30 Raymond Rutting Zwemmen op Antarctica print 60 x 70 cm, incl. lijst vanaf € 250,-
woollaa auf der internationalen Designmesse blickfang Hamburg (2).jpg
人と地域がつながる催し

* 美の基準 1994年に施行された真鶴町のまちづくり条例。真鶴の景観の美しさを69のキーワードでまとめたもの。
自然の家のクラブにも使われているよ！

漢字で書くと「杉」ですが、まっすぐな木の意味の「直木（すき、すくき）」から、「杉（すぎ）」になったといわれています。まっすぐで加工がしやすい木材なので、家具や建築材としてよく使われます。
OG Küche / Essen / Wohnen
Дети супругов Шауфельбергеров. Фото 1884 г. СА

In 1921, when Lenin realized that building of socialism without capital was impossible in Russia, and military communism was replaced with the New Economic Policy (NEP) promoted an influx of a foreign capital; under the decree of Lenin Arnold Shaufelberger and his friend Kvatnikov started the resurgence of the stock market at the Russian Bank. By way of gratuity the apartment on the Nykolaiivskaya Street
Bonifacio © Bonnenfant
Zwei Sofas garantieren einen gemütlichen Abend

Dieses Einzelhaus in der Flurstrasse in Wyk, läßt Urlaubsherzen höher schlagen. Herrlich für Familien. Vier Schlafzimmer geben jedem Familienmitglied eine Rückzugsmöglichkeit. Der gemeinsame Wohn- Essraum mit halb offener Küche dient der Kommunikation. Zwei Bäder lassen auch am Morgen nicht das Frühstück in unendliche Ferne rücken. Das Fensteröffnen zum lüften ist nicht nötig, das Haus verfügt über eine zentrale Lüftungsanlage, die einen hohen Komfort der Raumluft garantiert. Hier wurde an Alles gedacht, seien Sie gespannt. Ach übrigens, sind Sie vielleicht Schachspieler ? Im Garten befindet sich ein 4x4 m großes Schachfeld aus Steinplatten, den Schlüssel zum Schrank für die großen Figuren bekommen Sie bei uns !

- [Exercise prompt]:
From the records above, pull out each line that has "Zwei".

- [Answer section]:
Zwei Sofas garantieren einen gemütlichen Abend
Dieses Einzelhaus in der Flurstrasse in Wyk, läßt Urlaubsherzen höher schlagen. Herrlich für Familien. Vier Schlafzimmer geben jedem Familienmitglied eine Rückzugsmöglichkeit. Der gemeinsame Wohn- Essraum mit halb offener Küche dient der Kommunikation. Zwei Bäder lassen auch am Morgen nicht das Frühstück in unendliche Ferne rücken. Das Fensteröffnen zum lüften ist nicht nötig, das Haus verfügt über eine zentrale Lüftungsanlage, die einen hohen Komfort der Raumluft garantiert. Hier wurde an Alles gedacht, seien Sie gespannt. Ach übrigens, sind Sie vielleicht Schachspieler ? Im Garten befindet sich ein 4x4 m großes Schachfeld aus Steinplatten, den Schlüssel zum Schrank für die großen Figuren bekommen Sie bei uns !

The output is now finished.